▶ [REQUIRED ACTION] Gather, from the data below, each line in which the word "wide" occurs.

▶ [DATA SUPPLIED]
#####
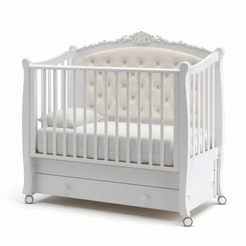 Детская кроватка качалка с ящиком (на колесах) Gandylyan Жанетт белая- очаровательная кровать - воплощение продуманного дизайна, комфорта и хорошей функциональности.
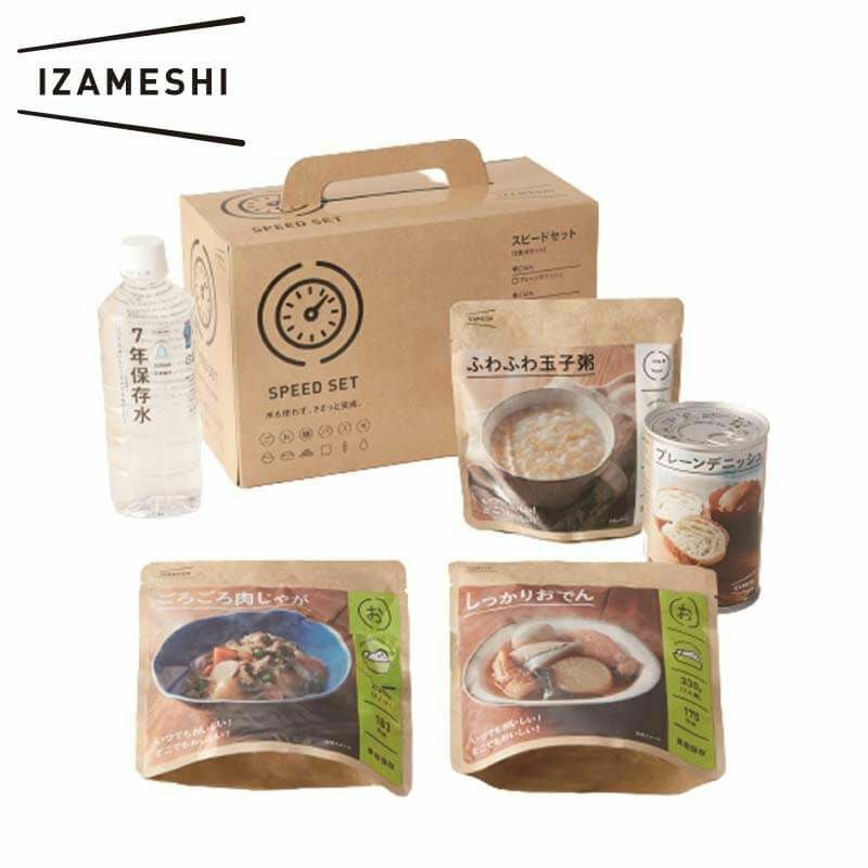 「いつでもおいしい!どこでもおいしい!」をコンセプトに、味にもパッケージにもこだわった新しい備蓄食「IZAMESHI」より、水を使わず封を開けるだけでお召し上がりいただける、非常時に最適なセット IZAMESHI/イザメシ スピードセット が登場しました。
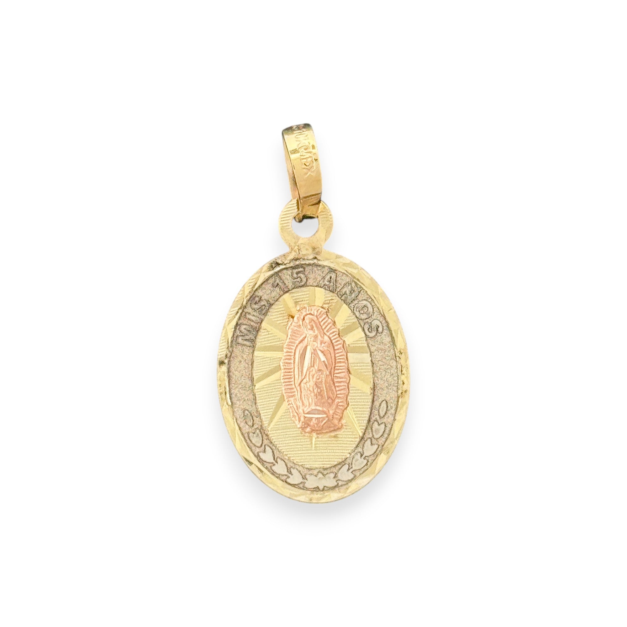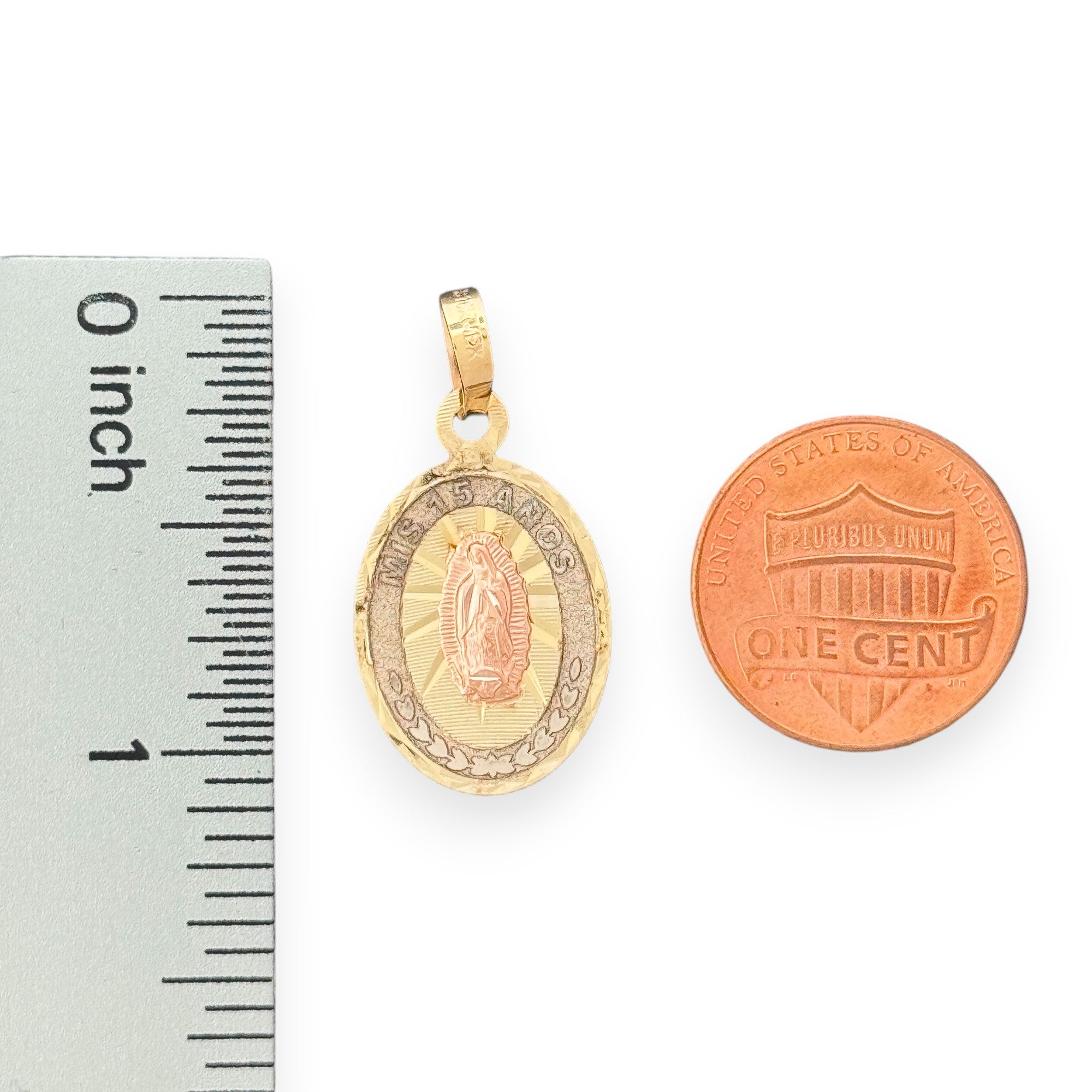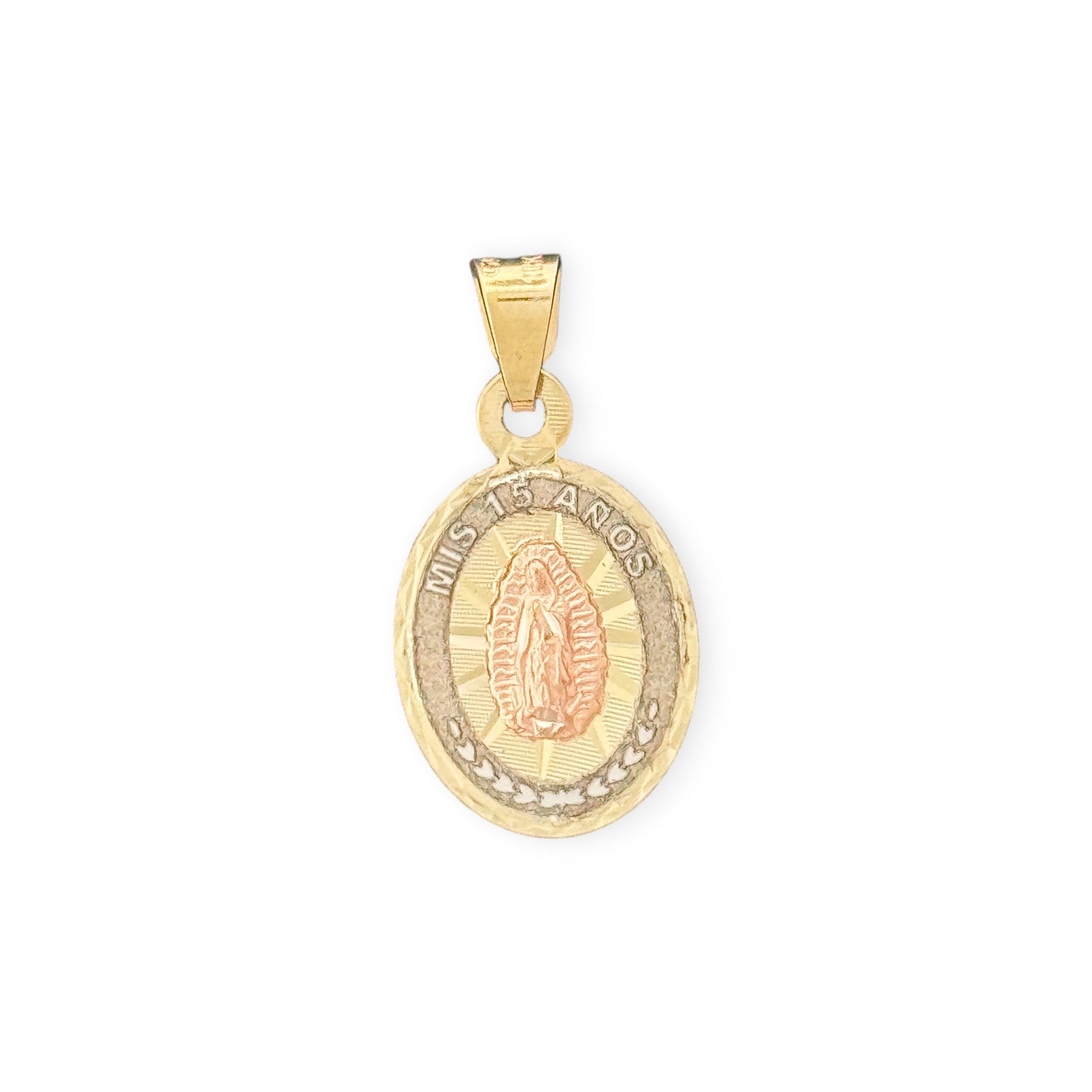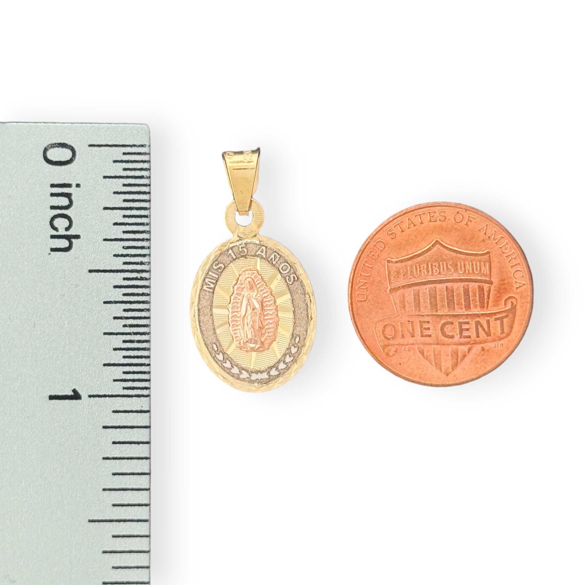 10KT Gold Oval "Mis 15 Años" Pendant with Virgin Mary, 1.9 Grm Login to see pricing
#####
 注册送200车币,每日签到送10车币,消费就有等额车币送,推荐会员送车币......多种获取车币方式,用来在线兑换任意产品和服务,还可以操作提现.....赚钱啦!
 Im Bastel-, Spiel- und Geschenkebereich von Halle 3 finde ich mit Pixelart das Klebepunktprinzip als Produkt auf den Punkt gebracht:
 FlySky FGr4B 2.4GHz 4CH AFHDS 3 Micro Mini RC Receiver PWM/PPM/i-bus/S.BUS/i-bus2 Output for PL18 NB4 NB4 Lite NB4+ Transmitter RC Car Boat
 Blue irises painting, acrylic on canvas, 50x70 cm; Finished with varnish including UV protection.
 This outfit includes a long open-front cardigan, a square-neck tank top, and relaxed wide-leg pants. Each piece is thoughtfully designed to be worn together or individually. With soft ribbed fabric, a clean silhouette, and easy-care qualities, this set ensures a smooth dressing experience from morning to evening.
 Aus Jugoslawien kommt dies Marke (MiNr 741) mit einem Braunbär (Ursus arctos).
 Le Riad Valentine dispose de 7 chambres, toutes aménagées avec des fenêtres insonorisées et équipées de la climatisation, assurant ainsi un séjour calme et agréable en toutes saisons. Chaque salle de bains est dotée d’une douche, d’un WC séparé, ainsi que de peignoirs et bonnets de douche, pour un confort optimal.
#####
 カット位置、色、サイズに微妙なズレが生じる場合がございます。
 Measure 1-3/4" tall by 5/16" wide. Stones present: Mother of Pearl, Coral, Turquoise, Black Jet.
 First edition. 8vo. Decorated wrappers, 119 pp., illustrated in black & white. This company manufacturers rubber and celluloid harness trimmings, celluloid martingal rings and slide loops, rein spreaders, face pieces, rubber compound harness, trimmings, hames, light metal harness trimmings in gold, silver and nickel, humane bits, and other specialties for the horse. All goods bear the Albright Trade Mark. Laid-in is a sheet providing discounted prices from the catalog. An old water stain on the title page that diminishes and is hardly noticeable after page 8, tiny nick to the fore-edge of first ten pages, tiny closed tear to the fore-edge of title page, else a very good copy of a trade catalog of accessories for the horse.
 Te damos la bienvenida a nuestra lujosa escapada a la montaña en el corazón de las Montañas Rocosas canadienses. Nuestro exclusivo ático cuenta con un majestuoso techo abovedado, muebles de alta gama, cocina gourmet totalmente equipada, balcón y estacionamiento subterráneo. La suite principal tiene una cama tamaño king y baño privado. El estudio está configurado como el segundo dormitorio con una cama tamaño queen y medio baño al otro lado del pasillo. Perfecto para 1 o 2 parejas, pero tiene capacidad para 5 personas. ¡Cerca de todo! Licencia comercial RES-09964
#####
▶ [ANSWER TO THE EXERCISE]
 This outfit includes a long open-front cardigan, a square-neck tank top, and relaxed wide-leg pants. Each piece is thoughtfully designed to be worn together or individually. With soft ribbed fabric, a clean silhouette, and easy-care qualities, this set ensures a smooth dressing experience from morning to evening.
 Measure 1-3/4" tall by 5/16" wide. Stones present: Mother of Pearl, Coral, Turquoise, Black Jet.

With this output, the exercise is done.